- [Material provided]:
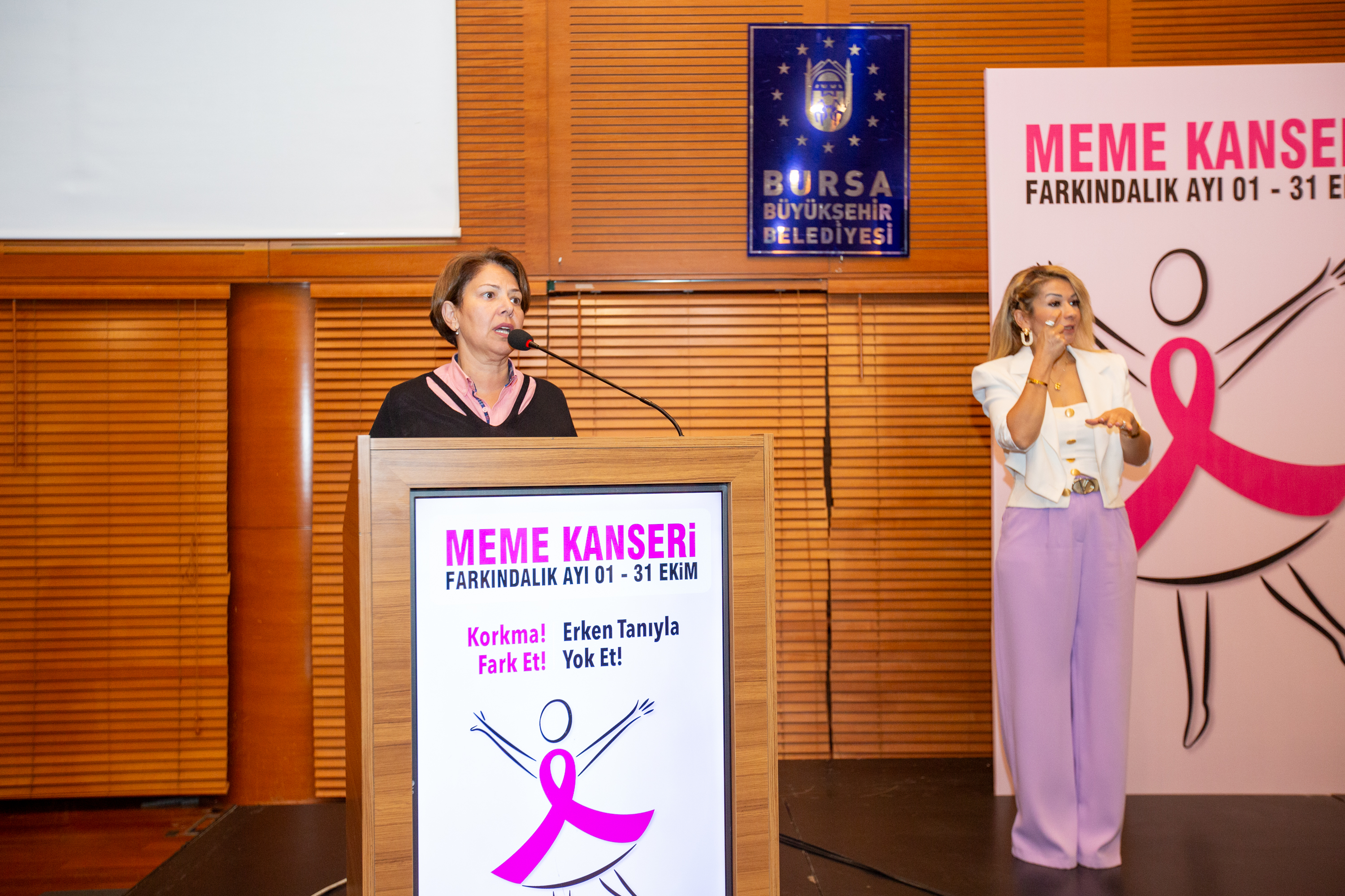 Bursa Büyükşehir Belediyesi’nin destekleriyle 1-31 Ekim Meme Kanseri Farkındalık Ayı kapsamında "Korkma! Fark Et! Erken Tanıyla Yok Et!" sloganıyla farkındalık eğitimi düzenledi. Etkinlikte meme kanserinde erken teşhisin hayat kurtarıcı önemi vurgulanırken, katılımcılara elle meme muayenesi eğitimi de verildi.
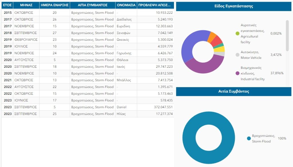 Το προηγούμενο έτος αναμφίβολα σημαδεύεται από τη μεγάλη πλημμύρα της Θεσσαλίας από την κακοκαιρία Daniel το Σεπτέμβριο με αποζημιώσεις 327 εκατ. ευρώ και εν συνεχεία την καταιγίδα Elias με αποζημιώσεις 17,2 εκατ. και τις βροχοπτώσεις του Ιουνίου με αποζημιώσεις άνω του μισού εκατομμυρίου.
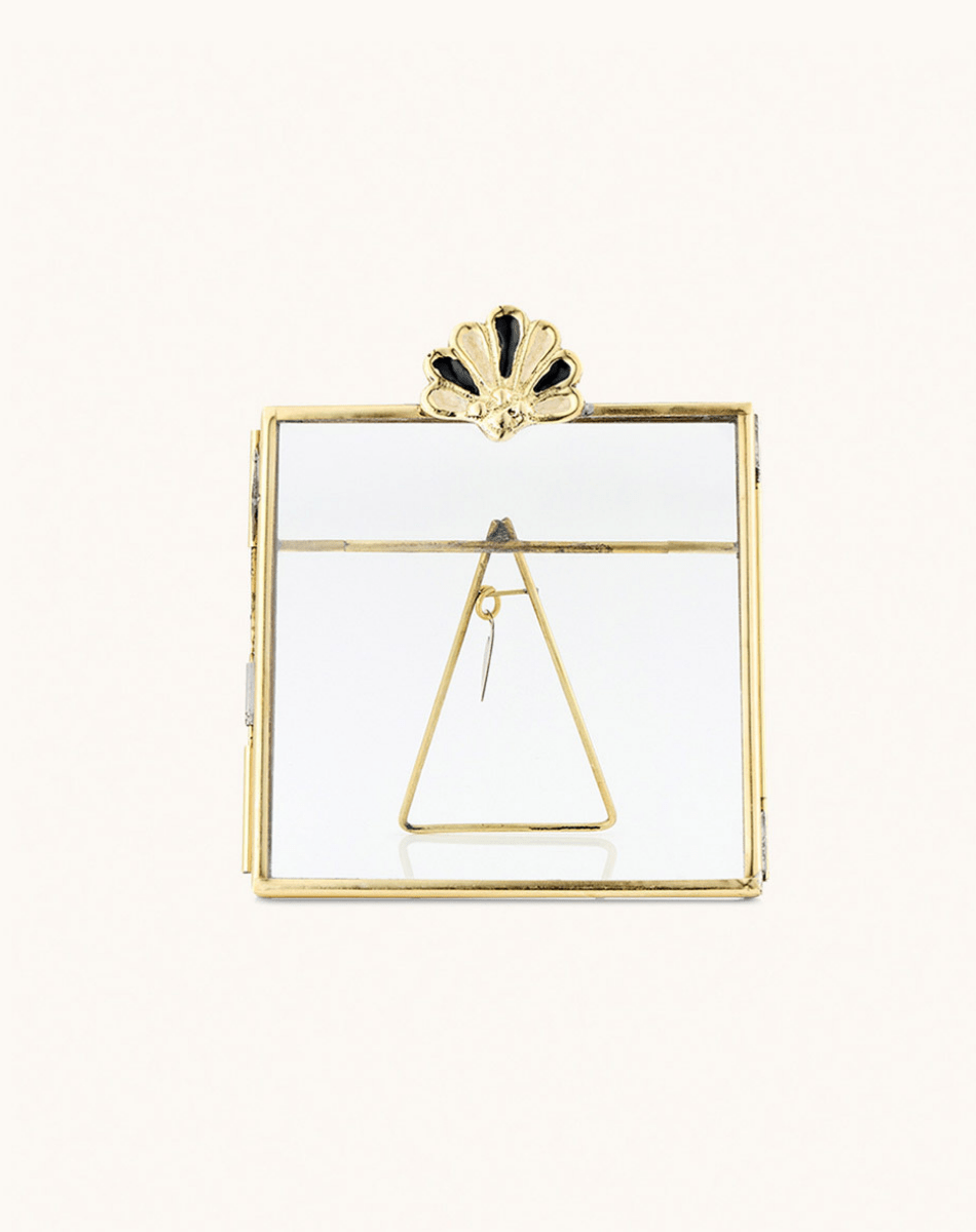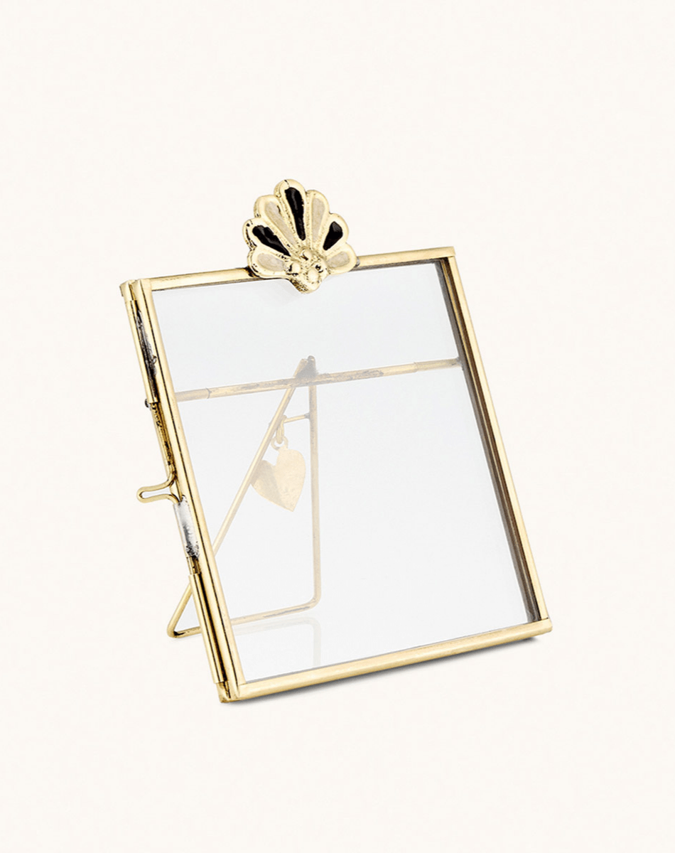 Le cadre Rosie Roset combine un design classique avec des matériaux nobles. Le verre transparent met votre image en valeur avec clarté, tandis que le contour en laiton doré lui apporte chaleur et élégance. Le détail en forme de coquillage ajoute une note décorative tout en restant discret.

- [Exercise details]: Look at the listing and set down only the lines from its start through the line with "Το προηγούμενο έτος", word for word and without pictures.

- [Expected answer]:
 Bursa Büyükşehir Belediyesi’nin destekleriyle 1-31 Ekim Meme Kanseri Farkındalık Ayı kapsamında "Korkma! Fark Et! Erken Tanıyla Yok Et!" sloganıyla farkındalık eğitimi düzenledi. Etkinlikte meme kanserinde erken teşhisin hayat kurtarıcı önemi vurgulanırken, katılımcılara elle meme muayenesi eğitimi de verildi.
 Το προηγούμενο έτος αναμφίβολα σημαδεύεται από τη μεγάλη πλημμύρα της Θεσσαλίας από την κακοκαιρία Daniel το Σεπτέμβριο με αποζημιώσεις 327 εκατ. ευρώ και εν συνεχεία την καταιγίδα Elias με αποζημιώσεις 17,2 εκατ. και τις βροχοπτώσεις του Ιουνίου με αποζημιώσεις άνω του μισού εκατομμυρίου.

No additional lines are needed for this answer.